==== Dataset content

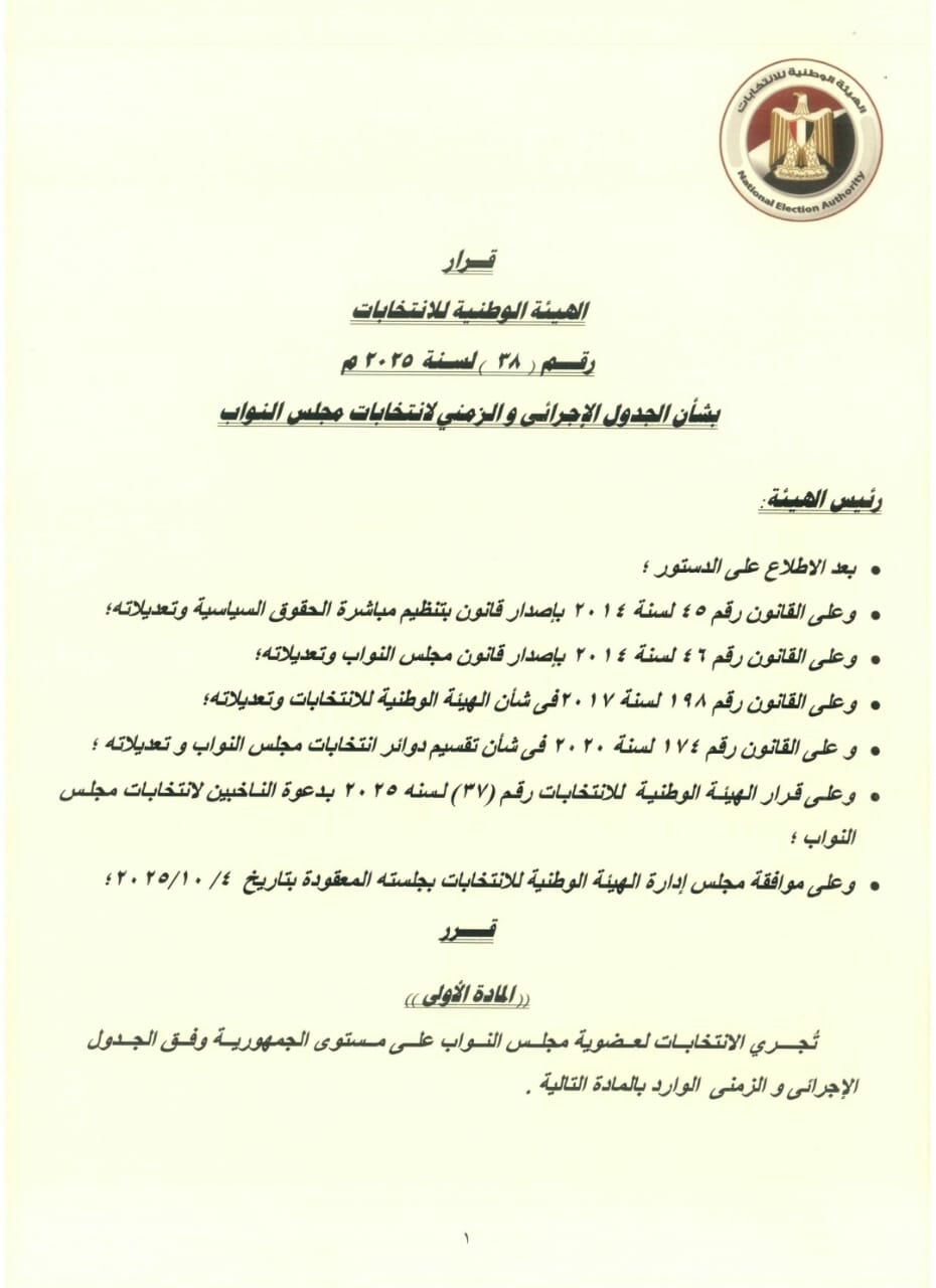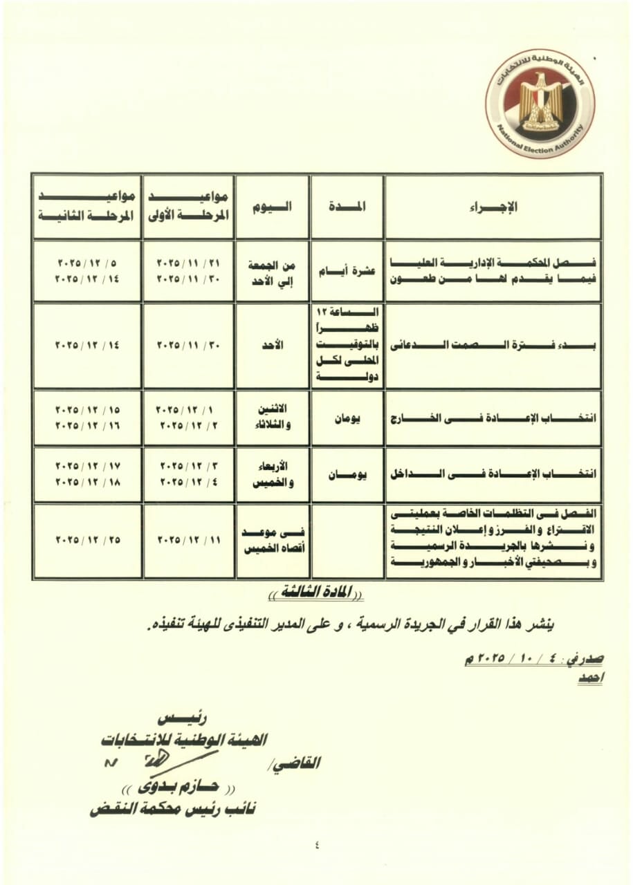 التصويت خارج مصر يومي 21 و22 نوفمبر، وداخليًا يومي 24 و25 نوفمبر.
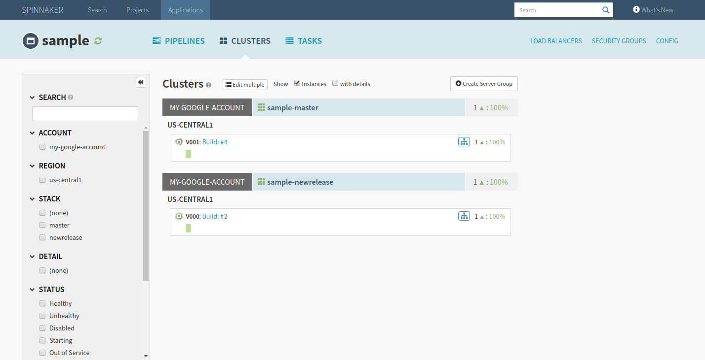 Commit to a git branch in the repo you’ve connected to Jenkins in order to trigger your pipeline. When the pipeline runs, it replaces the expression with the name of the branch, creating a new cluster. The screenshot below shows what happens when you push commits to both the master branch and a branch called new-release. Note that the dash was stripped out of new-release, creating the newrelease cluster.
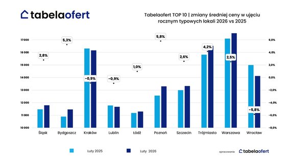 Autorzy barometru podkreślają, że stabilizacja średnich cen mieszkań nie oznacza „bezruchu w ofertach”. W lutym zmieniono ceny 17,9 proc. wszystkich mieszkań dostępnych w analizowanych miastach – to najwyższy odsetek od października 2025 r. Podwyżki objęły 10,4 proc. oferty, a obniżki 7,5 proc. W praktyce oznacza to zmianę ceny niemal co szóstego oferowanego mieszkania. – Choć podwyżek było więcej niż obniżek, to przeciętna skala obniżki była większa niż przeciętna podwyżka. Średnia korekta w dół wyniosła 5 proc., podczas gdy podwyżki sięgały średnio 4,06 proc. – podają analitycy.

========

**Assignment**
Print the whole listing above once more, word for word, without its pictures.

**Solution to this exercise**
 التصويت خارج مصر يومي 21 و22 نوفمبر، وداخليًا يومي 24 و25 نوفمبر.
 Commit to a git branch in the repo you’ve connected to Jenkins in order to trigger your pipeline. When the pipeline runs, it replaces the expression with the name of the branch, creating a new cluster. The screenshot below shows what happens when you push commits to both the master branch and a branch called new-release. Note that the dash was stripped out of new-release, creating the newrelease cluster.
 Autorzy barometru podkreślają, że stabilizacja średnich cen mieszkań nie oznacza „bezruchu w ofertach”. W lutym zmieniono ceny 17,9 proc. wszystkich mieszkań dostępnych w analizowanych miastach – to najwyższy odsetek od października 2025 r. Podwyżki objęły 10,4 proc. oferty, a obniżki 7,5 proc. W praktyce oznacza to zmianę ceny niemal co szóstego oferowanego mieszkania. – Choć podwyżek było więcej niż obniżek, to przeciętna skala obniżki była większa niż przeciętna podwyżka. Średnia korekta w dół wyniosła 5 proc., podczas gdy podwyżki sięgały średnio 4,06 proc. – podają analitycy.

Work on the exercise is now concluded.